Second, It ends the fractional reserve system. Banks no longer have the accounting privilege of creating our money supply. All their previously issued credit is converted into U.S. Money through an elegant and gentle accounting change. The banks are held accountable for this conversion and from that point operate the way people think they do now – as intermediaries between depositors and borrowers.
Third, new money is introduced by the government spending it into circulation for infrastructure, starting with the $2.2 trillion the engineers tell us is needed to properly maintain our infrastructure over the next 5 years. Infrastructure will include the necessary human infrastructure of health care and education.
Banks are encouraged to continue lending as profit making companies, but are no longer allowed to create our money supply through their loan making activity.
Thus, The NEED Act nationalizes the money system, not the banking system. Banking is absolutely not a proper function of government, but providing the nation’s money supply is a key function of government. No one else can do it properly. Talk of nationalizing the banking business really acts like a poison pill to block real reform. Same for talk of the states going into the banking business keeping the fractional reserve system in place, and allowing the banks to continue creating what we use for money! That would reform nothing and actually endorses the fractional reserve system! It is a farcical diversion, misleading some good people away from real monetary reform at the only time reform is possible – during a crisis. All serious Monetary reformers understand that banks can not be allowed to create our money supply.

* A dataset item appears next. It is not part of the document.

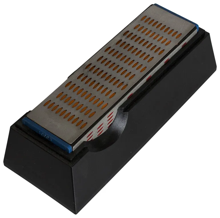 PELA 492791 on timanttihiomakivi pidikkeellä. Hiomakivi voidaan kääntää 4 eri suuntaan. Sivut hiontajyvillä: #200, #400, #600 ja #1000. Työskentele käyttäen hiontaöljyä tai vettä edeten karkeammasta raekoosta hienompaan rakeeseen. Valitse karkeus sen mukaan, kuinka kulunut tai vaurioitunut terä on. Hiomapintojen mitat: 200×55 mm.
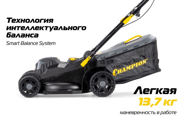 Технология интеллектуального баланса (Smart Balance System) со специальным грузом в передней части корпуса обеспечивает идеальную балансировку и оптимальное распределение массы, обеспечивая высокую манёвренность при общем весе устройства вместе с травосборником всего 13,7 кг.

Despite prejudice against government, most people are surprised to learn that history shows government has a far superior record in controlling the money system than private controllers have. And yes that includes the continental currency, the Greenbacks and even the German Hyperinflation; which by the way took place under a completely privatized German central bank, with all governmental influence removed! These facts, though not taught in your econ classes, are discussed at length in my book The Lost Science of Money available here.
Why listen to me? My University of Chicago training regarding independent thinking and reading fundamental sources; about 400 of which got into the bibliography. I’ve approached it honestly. I’ve been Director of the American Monetary Institute since 1996, after being its co-founder.
Perhaps you will consider Prof. Kaoru Yamaguchi’s Systems Dynamics study of the American Monetary Act? He examined it with the most advanced computer systemology and found that:
It pays off the national debt
It provides the funds for infrastructure (solving the unemployment problem)
It does this without causing inflation. You can read his results at www.monetary.org
We invite thoughtful input from economists and others who have studied our money system. From you people who still have open minds. Ladies and Gentlemen, Thanks for your attention. We have some materials for you.
*HR 6550 was the bill number in the 111th Congress. It may get a new number on re-introduction into the 112th Congress, expected soon.